Leaving out all pictures, transcribe exactly the lines between the line with "Koristele kuppikakut, kakut" and the last line of the records below, both included.

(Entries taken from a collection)
::::

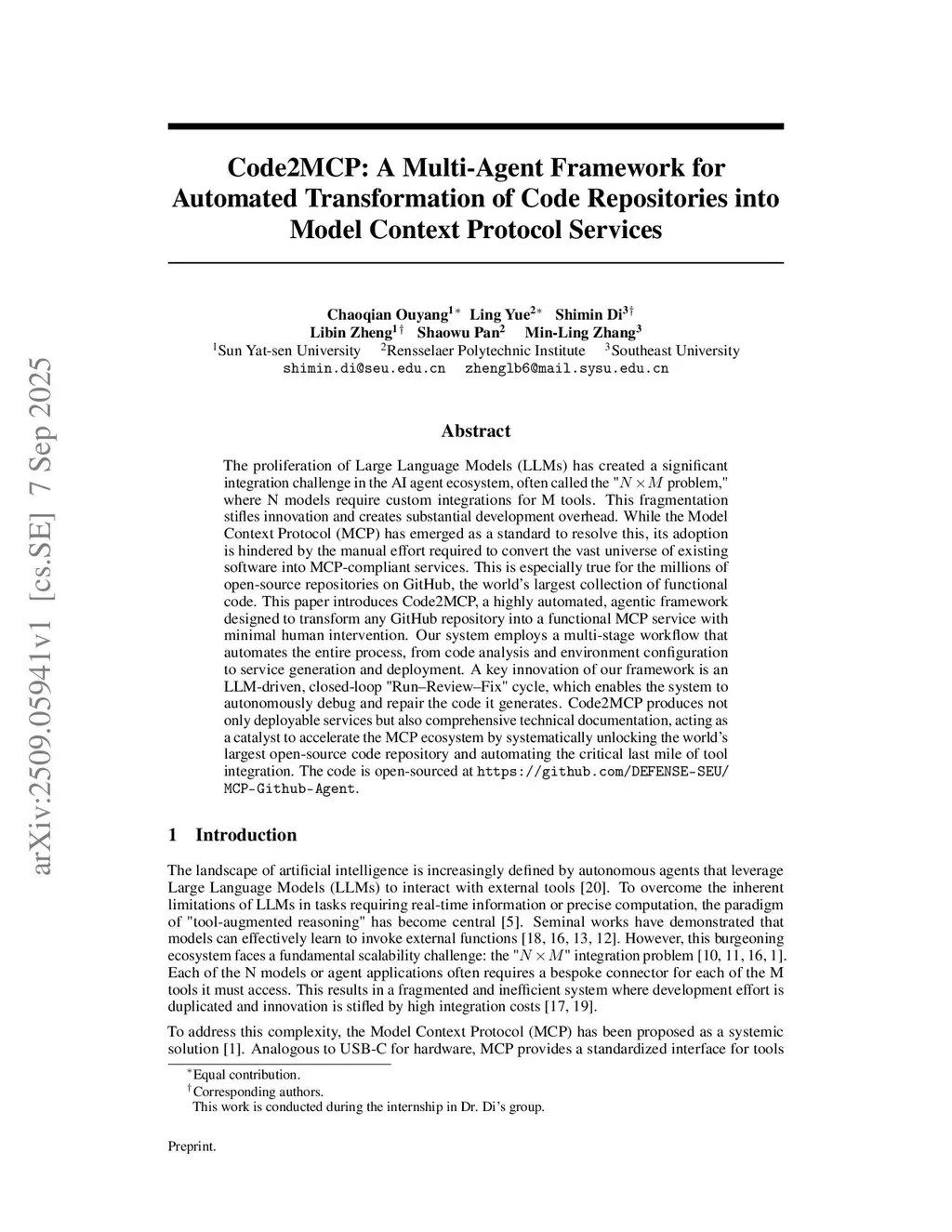 The Model Context Protocol (MCP) aims to create a standard for how Large Language Models use tools. However, most current research focuses on selecting tools from an existing pool. A more fundamental, yet largely overlooked, problem is how to populate this pool by converting the vast number of existing software projects into MCP-compatible services. To bridge this gap, we introduce Code2MCP, an agent-based framework that automatically transforms a GitHub repository into a functional MCP service with minimal human intervention. Code2MCP employs a multi-agent workflow for code analysis, environment setup, tool function design, and service generation, enhanced by a self-correcting loop to ensure reliability. We demonstrate that Code2MCP successfully transforms open-source computing libraries in scientific fields such as bioinformatics, mathematics, and fluid dynamics that are not available in existing MCP servers. By providing a novel automated pathway to unlock GitHub, the world's largest code repository, for the MCP ecosystem, Code2MCP serves as a catalyst to significantly accelerate the protocol's adoption and practical application. The code is public atthis https URL.
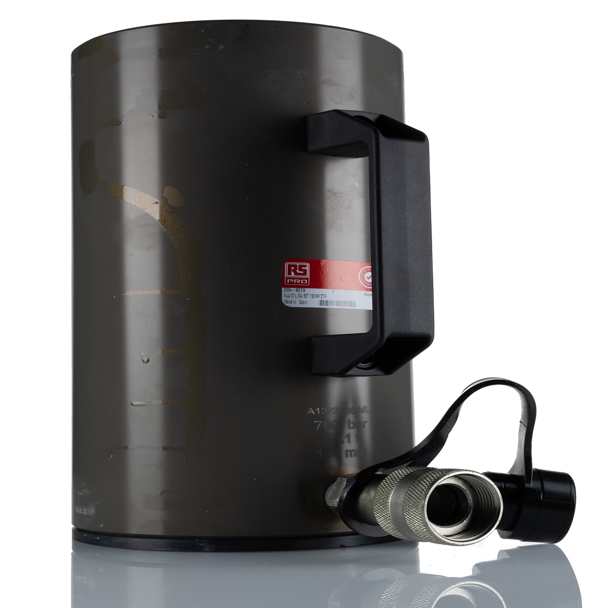 This is Single Portable General Purpose Hydraulic Cylinder 50t 150mm stroke manufactured by RS PRO. The manufacturer part number is 235-8219. It allows up to 1063cm³ oil capacity. The module has the capacity of 50t. It features 700bar maximum operating pressure. The typical product's weight is 11kg. It has a cylinder effective area of 71cm² . It has about 430mm extended height . The stroke is 150mm. It has about 280mm closed height . The product has 135mm external diameter. It has a single acting feature .
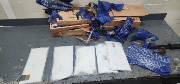 En presencia de un fiscal se procedió a sacar las cajas de madera, descubriendo en lados y parte baja, un doble fondo con cinco paquetes (en forma de láminas), envueltos en papel carbón, con un peso de 1.07 kilogramos.
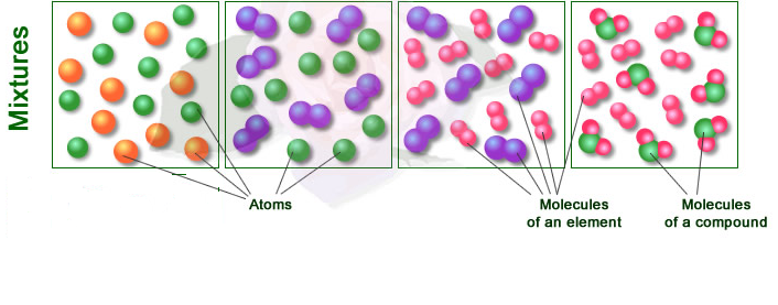Two particles of different elements that are not stuck together or could be a mixture of two different compounds or an element and a compound.
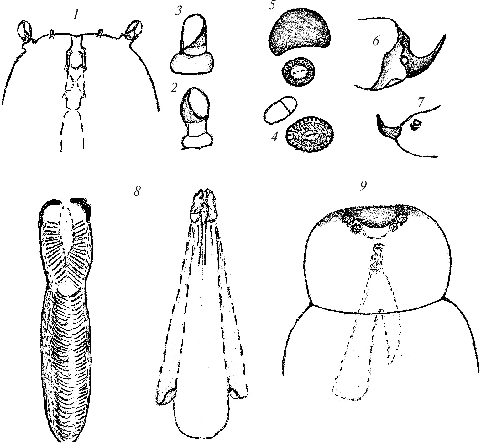 1, 9 – голова сверху; 2, 3 – усик; 4, 5 – переднегрудное дыхальце и склеротизованная пластинка; 6, 7 – последний сегмент тела сбоку; 8 – глотка снизу
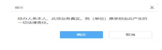確認(rèn)無誤后,點擊【提交】按鈕,系統(tǒng)跳出確認(rèn)窗口“經(jīng)辦人系本人,此項業(yè)務(wù)真實。我(單位)愿承擔(dān)由此產(chǎn)生的一切法律責(zé)任?!?
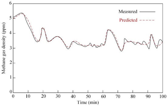 In order to verify the estimated performances of the proposed method, we tested the wireless sensor at the underground mine site. Meanwhile, a commercial gas concentration detector was put in the same spot as a reference. The proposed approach was employed to predict the methane gas density, and the measurement results are shown in Figure 11. As can be seen, the predicted results are consistent with the measured results and the maximum error is 0.42 ppm within 100 min.
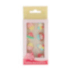 Koristele kuppikakut, kakut tai leivonnaiset sirkusjuhliin näillä värikkäillä sokerikoristeilla FunCakesilta. Aseta ne leivonnaisten päälle tai keksien kuorrutukseen luodaksesi yhtenäisen ja leikkisän teeman helposti.
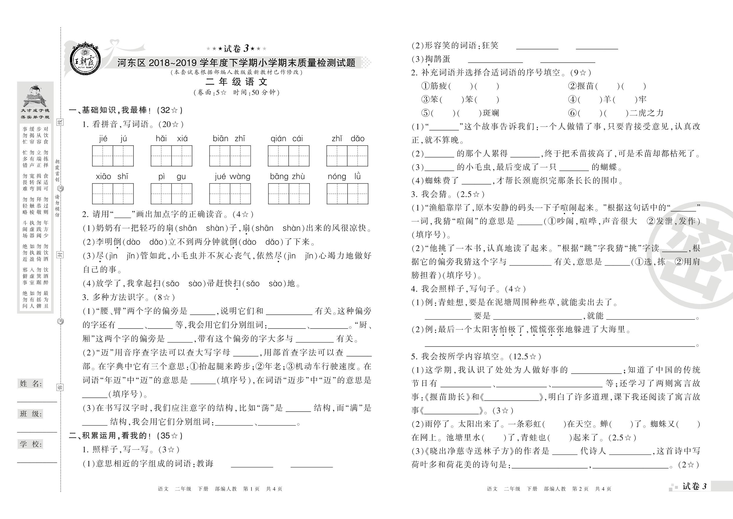 2018-2019学年第二学期临沂市河东区二年级语文试卷(人教版)【3】

::::

OUTPUT OF THE TASK:
 Koristele kuppikakut, kakut tai leivonnaiset sirkusjuhliin näillä värikkäillä sokerikoristeilla FunCakesilta. Aseta ne leivonnaisten päälle tai keksien kuorrutukseen luodaksesi yhtenäisen ja leikkisän teeman helposti.
 2018-2019学年第二学期临沂市河东区二年级语文试卷(人教版)【3】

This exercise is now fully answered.